Fünfzig Jahre ständig am Puls der Zeit
Thale/MZ. - Trotzdem: "Etwas Wehmut ist dabei", gesteht der Ex-Berliner, der vor 30 Jahren nach Thale kam, um das Geschäft seines Schwiegervaters in der Karl-Marx-Straße 8 zu übernehmen. Weil der eigene Nachwuchs nicht in die elterlichen Fußstapfen treten wollte, geht nun eine über 100-jährige Familientradition unweigerlich zu Ende.
Erste Haus am Platz
An gleicher Stelle, in der damaligen Hüttenchaussee 36, hatte 1897 der Uhrmacher Albert Brüggemann sein Geschäft eröffnet. Es galt als erstes (Uhren-)Haus am Platze. Als Schwiegersohn Bernhard Langgut 1938 den Betrieb übernahm, gehörte das Pflaster vor der Ladentür schon zur Adolf-Hitler-Straße.
Und als Tochter Helga das väterliche Handwerk erlernte, war Thales Geschäftsmagistrale bereits zur Karl-Marx-Straße mutiert.

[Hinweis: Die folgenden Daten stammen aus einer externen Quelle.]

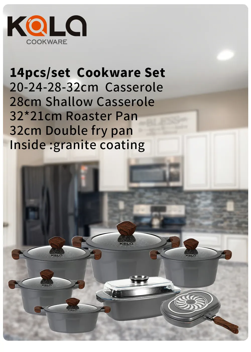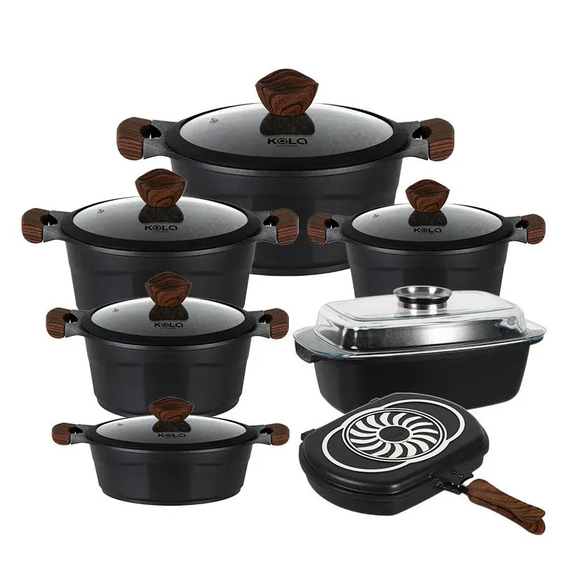 El KALA-017 es un set de cocina premium de 14 piezas, diseñado para quienes buscan durabilidad, estilo y practicidad en un solo juego. Fabricado en aluminio de alta resistencia con recubrimiento de roca volcánica antiadherente, garantiza una cocción uniforme y fácil limpieza.
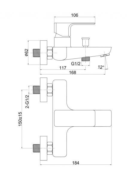 Смеситель Cersanit GEO 63040 для ванны и душа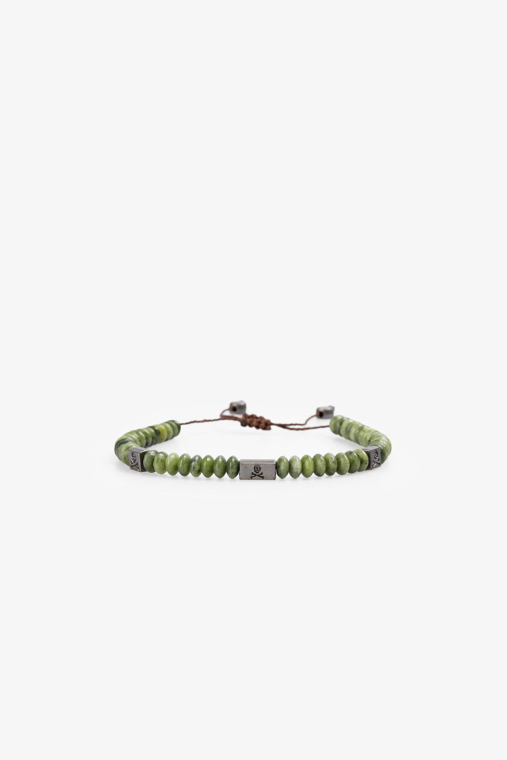 Bracelet made of natural stone. Metal appliqués with logo. Adjustable wrist fastening.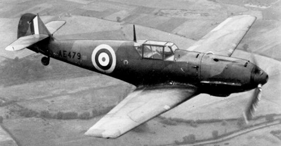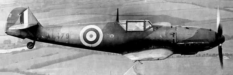 Messerschmitt Bf 109E-3, (Wk. Nr. 1304), coded “White 1” before being painted with RAF roundels and designated AE479.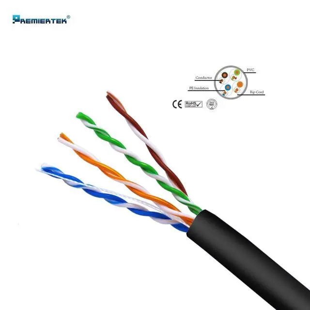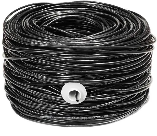 Premiertek 1000 Ft Cat5e 24AWG CCA UTP Solid 4-Pairs Network Ethernet LAN Cable Bulk Black (CAT5E-1KFT-BK)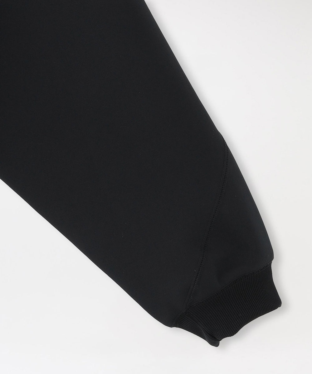 通常のスウェットと同じ着用感だが、切り替え線の位置などを緻密に計算して配置することで、まるでツイストしたように見せている。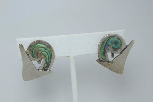 Rancho Alegre Sterling & Abalone Earrings - Modernist Miguel Garcia Menendez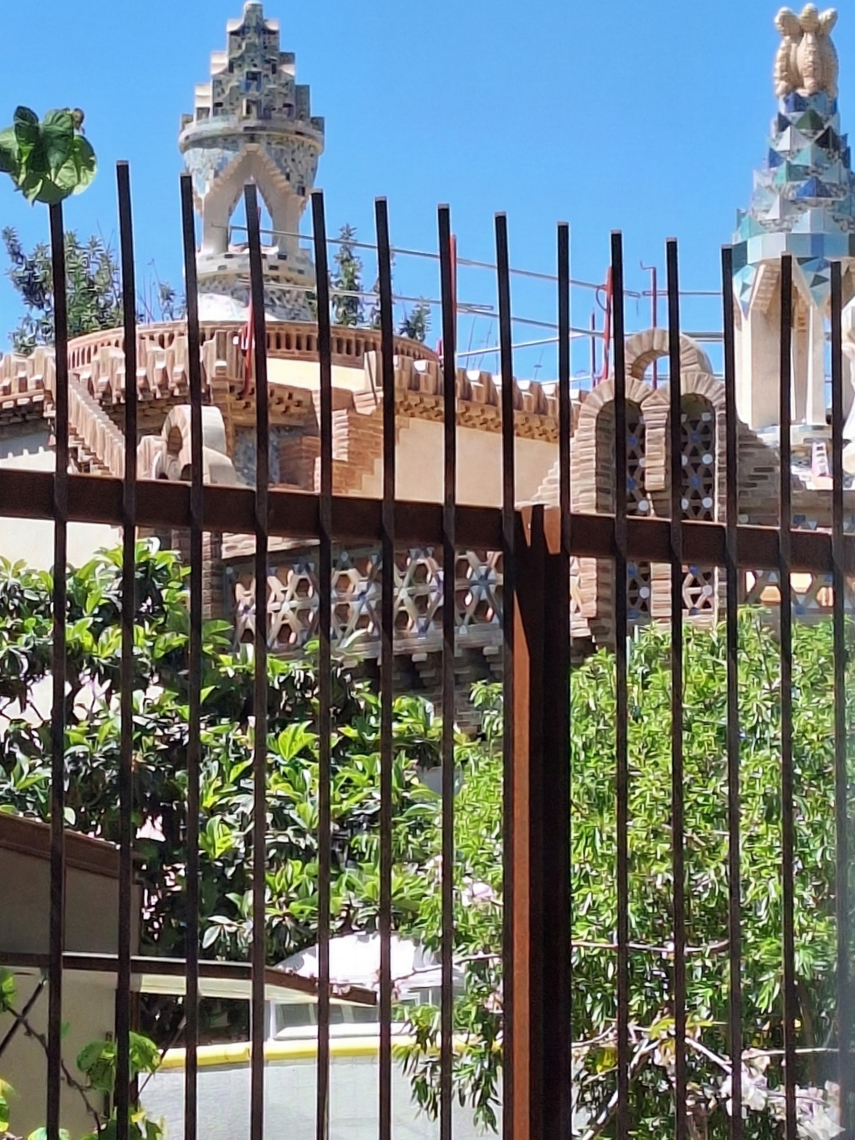 Oben angekommen, falle ich buchstäblich über den ersten Kiosk her und kaufe mir zwei kleine Fläschchen Wasser zum Preis eines Jahrgangs-Champagners. Eine vernichte ich sofort, die andere ist für den Park, denn man weiß ja nie, was dieser Gaudí heute noch für mich geplant hat.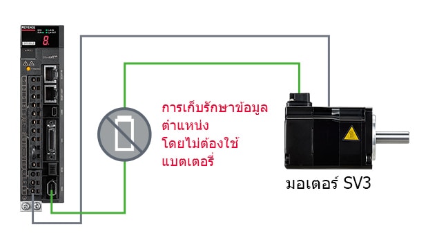 เรียนรู้เกี่ยวกับระบบเซอร์โว SV3 ซีรีส์ ที่รองรับ EtherCAT® ซึ่งเป็นโปรโตคอลเครือข่ายที่ใช้งานทั่วโลก นอกจากการปรับปรุงประสิทธิภาพขั้นพื้นฐานที่เกี่ยวข้องโดยตรงกับการทำงานของอุปกรณ์แล้ว ประสิทธิภาพโดยรวมยังเพิ่มขึ้นอย่างมากด้วยการตอบสนองของเซอร์โวแอมพลิฟายเออร์ที่เพิ่มขึ้น 1.2 เท่า เป็น 3.1 kHz ความละเอียดของเอ็นโค้ดเดอร์เซอร์โวมอเตอร์ที่เพิ่มขึ้น 16 เท่า เป็น 26 บิต และความเร็วในการหมุนของมอเตอร์ที่เพิ่มขึ้น 1.2 เท่า เป็น 7,000 rpm เมื่อใช้งานกับ PLC รุ่น KV-X ซีรีส์ ของ KEYENCE การติดตามของ SV3 ซีรีส์ จะมีความเร็วสูงที่รอบการทำงาน 62.5 µs ซึ่งจะช่วยให้การทำงานมีความฉับไวและแม่นยำยิ่งขึ้น นอกจากนี้ เพื่อเพิ่มประสิทธิภาพในการบำรุงรักษา มอเตอร์จึงไม่ต้องพึ่งพาแบตเตอรี่และมีฟังก์ชันการตรวจสอบอายุการใช้งานติดตั้งมาให้ด้วย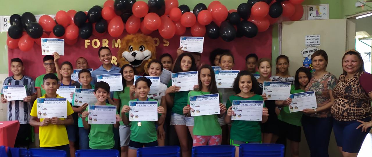 Polícia Militar realiza formatura de 58 alunos do Proerd na Escola Municipal Liduvina Motta Camargo, em Paranaíba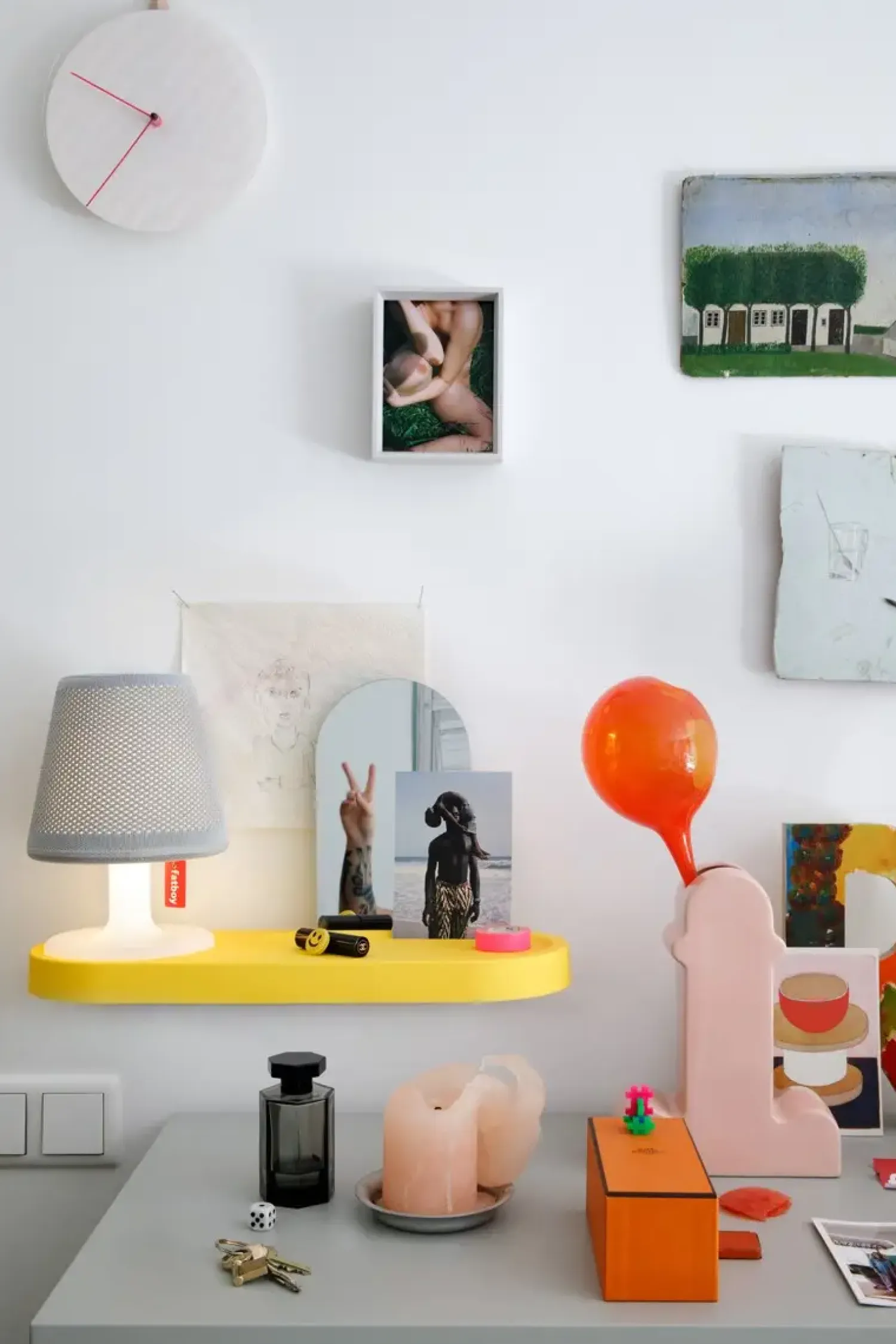 Denne væghylde kombinerer opbevaring med et funktionelt design. Det integrerede cirkulære rum og de opretstående kanter giver plads til dine ting, mens spejlet tilføjer en praktisk funktion. Hylden er specielt designet til at passe sammen med Fatboy Edison the Petit bordlampen, hvilket skaber en sammenhængende enhed.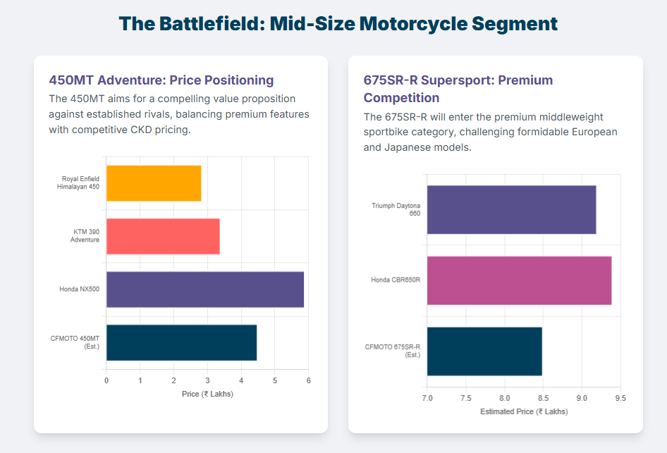CFMOTO’s re-entry is characterized by a highly targeted product strategy, focusing on globally successful models with premium specifications like the 450MT and 675SR-R. This approach represents a strategic evolution from their previous, less successful, broader product offerings. The objective is to leverage the rising popularity of the mid-size and adventure motorcycle segments in India.1 The emphasis on multi-cylinder bikes aligns with the evolving preferences of Indian consumers, who are increasingly seeking more powerful and refined motorcycles. This trend is so pronounced that Indian manufacturers are being encouraged to introduce twin-cylinder bikes to remain competitive.15 This shift in product focus demonstrates a deliberate, data-informed strategy for expanding their market presence.

Doch die frisch gebackene Uhrmacherin zog es von der Bode an die Spree. Ein Uhrmacher-Meister aus Berlin-Schöneweide suchte per Annonce neue Fachkräfte. Es war der Ex-Lehrherr von Peter Schulz. Zwar arbeitete Schulz inzwischen in einer anderen Werkstatt, die aber mit seinem Ausbildungsbetrieb verwandtschaftlich verbunden war - die schicksalhafte Begegnung mit Helga Langgut war damit unausweichlich. Und natürlich folgenreich. 1974 gingen Helga und Peter Schulz nach Thale. Und Langguts in den Ruhestand. Es war jene Zeit, in der die elektronischen Quarzuhren die mechanische Federzuguhr verdrängten und sich das Berufsbild des Uhrmachers ein erstes Mal änderte.
Den zweiten großen Einschnitt erlebte das Uhrmacher-Paar nach der Wende, als die Invasion der Billiguhren begann, Uhrenreparatur und -service schlagartig an Bedeutung verloren. Der Uhrmacher avancierte zum Verkäufer, 50 Prozent des Umsatzes machten Schulzes zuletzt mit dem Verkauf von Schmuck. "Hochwertiges wird aber kaum verlangt, die Kaufkraft ist zu gering", spüren die Geschäftsleute. Urlauber spielen als Kunden nur noch eine untergeordnete Rolle.
Vorbei auch die Zeiten, als "nach Schichtschluss der Hütte die Straße und der Laden voll waren". Dafür profitierten Schulzes von zahlreichen Stammkunden. "Manchmal kamen sie mit Uhren, die wir schon vor zehn oder 20 Jahren repariert haben", freut sich Peter Schulz. Noch größer war die Freude, wenn 'mal eine alte Taschenuhr auf dem Werktisch landete. Dann wurde die Reparatur zur Kür. Und Peter Schulz hatte wieder das Gefühl, "doch einen schönen Beruf erlernt zu haben". Wenn er am Vorabend seines 65. Geburtstages von einem "erfüllten Berufsleben" spricht, denkt er auch an seine fast 20-jährige Tätigkeit als Innungsobermeister, gesteht der leidenschaftliche Handwerker.
Pflege eigener Uhren
Doch auch sein Leben im Ruhestand werde ausgefüllt sein, ist Schulz überzeugt. Schließlich seien beide leidenschaftliche Wanderer und Globetrotter, die selbst Australien schon zweifach besuchten, aber noch manchen Landstrich entdecken wollen. Und in Thale warten der Garten und der private Uhren-Fundus auf meisterliche Pflege, schmunzelt Schulz. Das Geschäft bleibt übrigens in fachmännischer Hand, der Quedlinburger Uhrmacher Andreas Ott wird es weiterführen.